## [Supplied information]
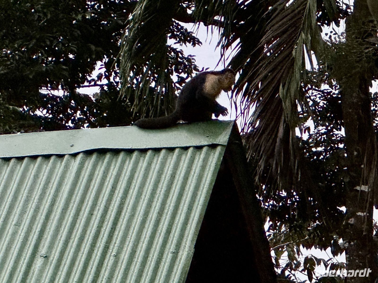 Das Prasseln des Regens und ein mehrmaliges dumpfes Poltern auf dem Dach holen mich wieder aus dem Schlaf. Letzteres stellt sich später als die Landung von Kapuzineraffen heraus, die von den Bäumen auf das Wellblech springen. Auch während des Frühstücks regnet es munter weiter, wovon sich aber Bienen und Kapuzineraffen nicht stören lassen. Doch diesmal sind wir vorbereitet. Für die einen gibt es Marmelade, für die anderen die Wasserpistole. Gut gerüstet verteidigt Reiseleiter Andreas das Frühstück seiner Gäste. Was wird aber nun aus unserem geplanten Tagesprogramm? Der Corcovado-Nationalpark bleibt noch mindestens drei Tage geschlossen und eine Wetterprognose ist schwierig. Am Ende wird es eine weitere Walbeobachtung, zu der Nico mit sechs Gästen aufbricht. Da gerade Ebbe ist, müssen sie mit einem kleinen Boot zum größeren Boot gebracht werden, das draußen in der Bucht festgemacht ist. Mit zwei Damen bleibe ich im Hotel zurück und widme mich heute der Büroarbeit. Vom nächsten Regenschauer bleiben sie draußen auf dem Meer verschont und sehen einige Delfine und sogar Buckelwale. Ein Erfolg also, wie strahlende Augen nach der Rückkehr verraten. Den Nachmittag nutzen wir dann spontan für einen Spaziergang zum kleinen Dorf an der Drake Bay. Am Aussichtspunkt erzählt Nico von den Abenteuern des Francis Drake, während ich eine Flasche Alkohol aus dem Rucksack zaubere. Freibeuter und Rum, das passt zusammen wie die Faust auf die Augenklappe. Der nächste kurze Regenschauer läutet den Rückmarsch ein. Nun tauschen wir die Rollen: Während sich Nico jetzt wiederum seinem Bürokram widmet, klettere ich mit zwei Freiwilligen noch einmal in die Kajaks. Die gestrige Tour auf dem Fluss hat uns so gut gefallen, dass wir das Erlebnis wiederholen möchten. Wir nehmen uns Zeit, lassen uns treiben, lauschen den Geräuschen des Dschungels. Am Ende schaukeln wir noch ein bisschen auf den Wellen der Bucht, während die Sonne langsam hinter uns hinter der Halbinsel untergeht. Das Wasser ist ruhiger als gestern, die Färbung des Himmels noch schöner. Inspiriert durch Nicos Erzählungen entern wir fast noch einen weißen Katamaran, dem wir immer näher kommen, doch entscheiden uns rechtzeitig für unser anständiges, ehrliches Touristenleben — und kehren zum Abendessen zum Hotel zurück. Mit Nicos Wort zum Dienstag endet nach dem Nusskuchen der letzte Abend in unserem kleinen Paradies.
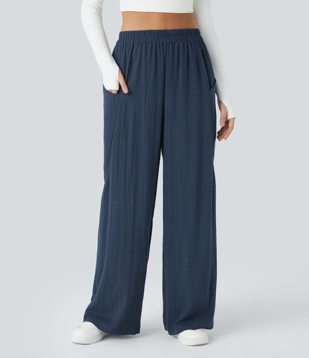 High Waist Side Pocket Wide Leg Casual Linen-Style Pants
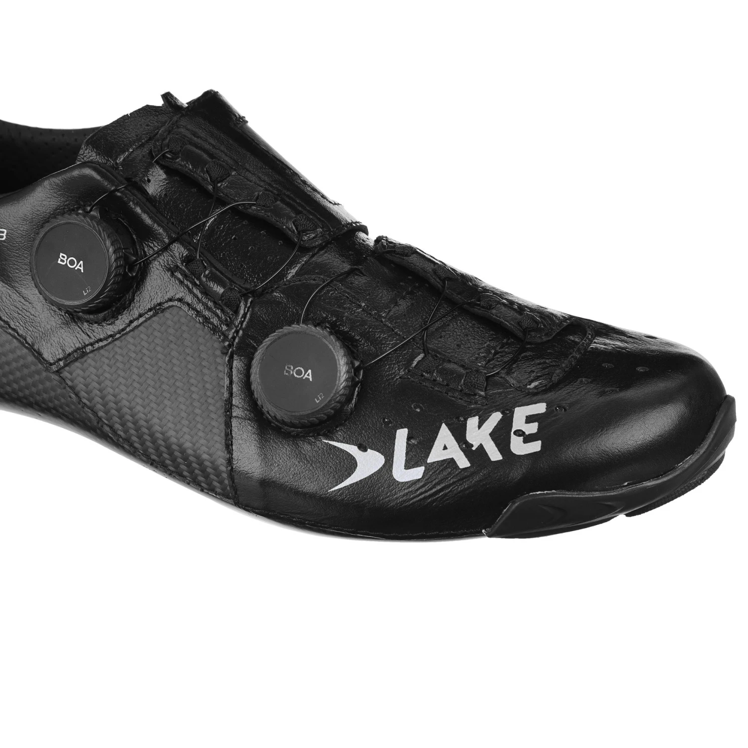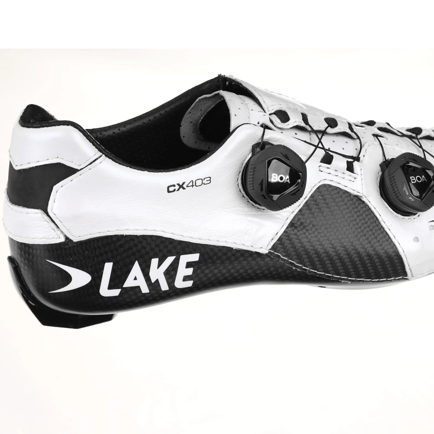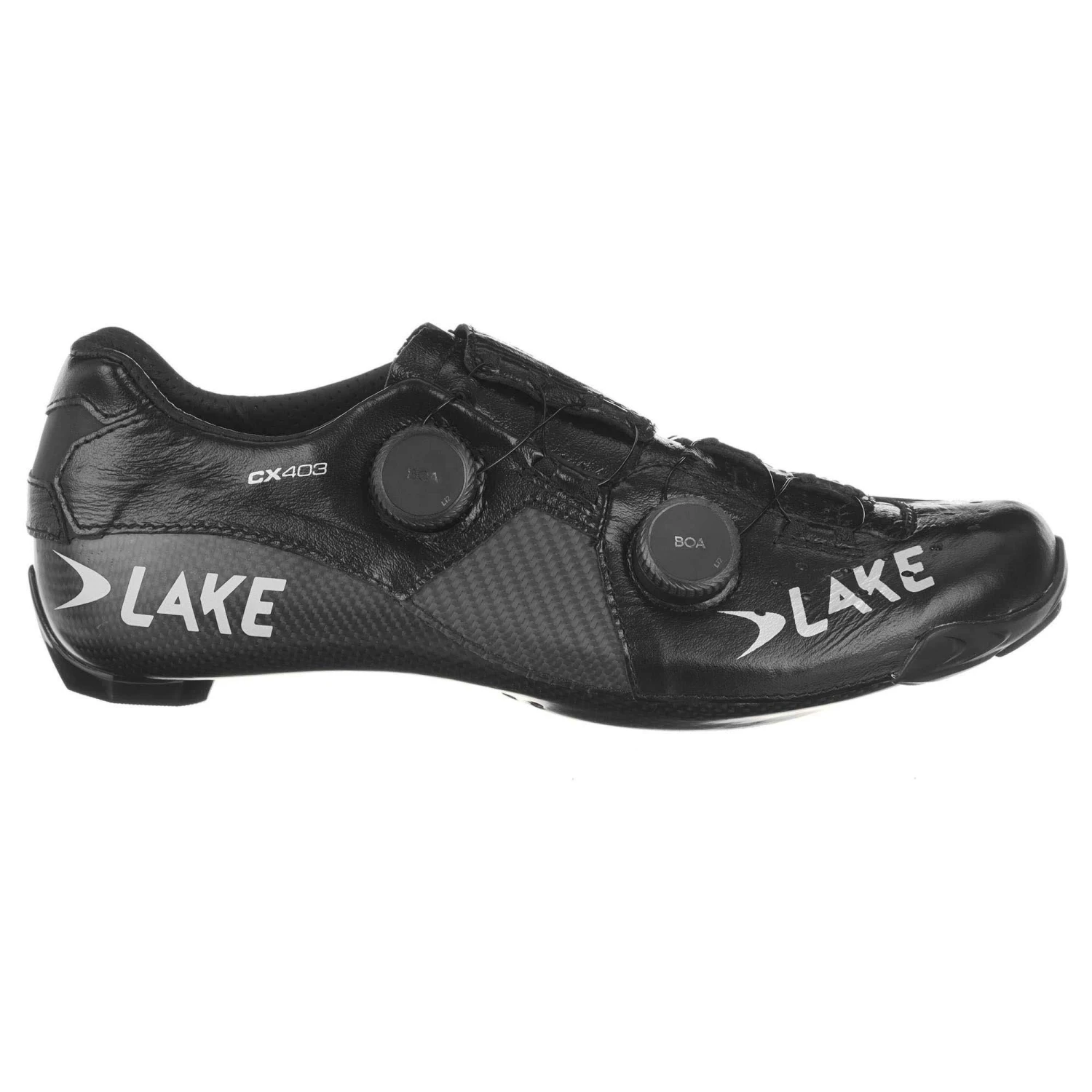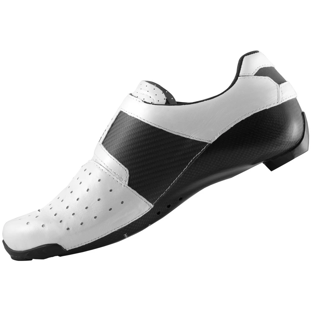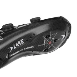 The Lake CX403 Road Cycling Shoes are at the top of their range. The lower overall volume of the CX Race last is ideal for high cadence, high pressure riding with a narrower toe box and tighter heel to prevent slipping when you’re putting the power down. These shoes have several unique features: The upper utilises kangaroo leather that’s incredibly light, breathable and supple, forming to your foot, that works together with carbon structural support panels for stability through the pedal stroke. The carbon fibre sole is customisable in the rear 1/4 through a heat moulding process and consists of a double layer; an incredibly rigid outer to keep power transfer high, plus a semi-flexible inner that’s mouldable so your heel will be locked down and your foot stable.

## [Instructions for the task]
An exact copy of the data above is required, printed without its pictures.

## [Task result]
 Das Prasseln des Regens und ein mehrmaliges dumpfes Poltern auf dem Dach holen mich wieder aus dem Schlaf. Letzteres stellt sich später als die Landung von Kapuzineraffen heraus, die von den Bäumen auf das Wellblech springen. Auch während des Frühstücks regnet es munter weiter, wovon sich aber Bienen und Kapuzineraffen nicht stören lassen. Doch diesmal sind wir vorbereitet. Für die einen gibt es Marmelade, für die anderen die Wasserpistole. Gut gerüstet verteidigt Reiseleiter Andreas das Frühstück seiner Gäste. Was wird aber nun aus unserem geplanten Tagesprogramm? Der Corcovado-Nationalpark bleibt noch mindestens drei Tage geschlossen und eine Wetterprognose ist schwierig. Am Ende wird es eine weitere Walbeobachtung, zu der Nico mit sechs Gästen aufbricht. Da gerade Ebbe ist, müssen sie mit einem kleinen Boot zum größeren Boot gebracht werden, das draußen in der Bucht festgemacht ist. Mit zwei Damen bleibe ich im Hotel zurück und widme mich heute der Büroarbeit. Vom nächsten Regenschauer bleiben sie draußen auf dem Meer verschont und sehen einige Delfine und sogar Buckelwale. Ein Erfolg also, wie strahlende Augen nach der Rückkehr verraten. Den Nachmittag nutzen wir dann spontan für einen Spaziergang zum kleinen Dorf an der Drake Bay. Am Aussichtspunkt erzählt Nico von den Abenteuern des Francis Drake, während ich eine Flasche Alkohol aus dem Rucksack zaubere. Freibeuter und Rum, das passt zusammen wie die Faust auf die Augenklappe. Der nächste kurze Regenschauer läutet den Rückmarsch ein. Nun tauschen wir die Rollen: Während sich Nico jetzt wiederum seinem Bürokram widmet, klettere ich mit zwei Freiwilligen noch einmal in die Kajaks. Die gestrige Tour auf dem Fluss hat uns so gut gefallen, dass wir das Erlebnis wiederholen möchten. Wir nehmen uns Zeit, lassen uns treiben, lauschen den Geräuschen des Dschungels. Am Ende schaukeln wir noch ein bisschen auf den Wellen der Bucht, während die Sonne langsam hinter uns hinter der Halbinsel untergeht. Das Wasser ist ruhiger als gestern, die Färbung des Himmels noch schöner. Inspiriert durch Nicos Erzählungen entern wir fast noch einen weißen Katamaran, dem wir immer näher kommen, doch entscheiden uns rechtzeitig für unser anständiges, ehrliches Touristenleben — und kehren zum Abendessen zum Hotel zurück. Mit Nicos Wort zum Dienstag endet nach dem Nusskuchen der letzte Abend in unserem kleinen Paradies.
 High Waist Side Pocket Wide Leg Casual Linen-Style Pants
 The Lake CX403 Road Cycling Shoes are at the top of their range. The lower overall volume of the CX Race last is ideal for high cadence, high pressure riding with a narrower toe box and tighter heel to prevent slipping when you’re putting the power down. These shoes have several unique features: The upper utilises kangaroo leather that’s incredibly light, breathable and supple, forming to your foot, that works together with carbon structural support panels for stability through the pedal stroke. The carbon fibre sole is customisable in the rear 1/4 through a heat moulding process and consists of a double layer; an incredibly rigid outer to keep power transfer high, plus a semi-flexible inner that’s mouldable so your heel will be locked down and your foot stable.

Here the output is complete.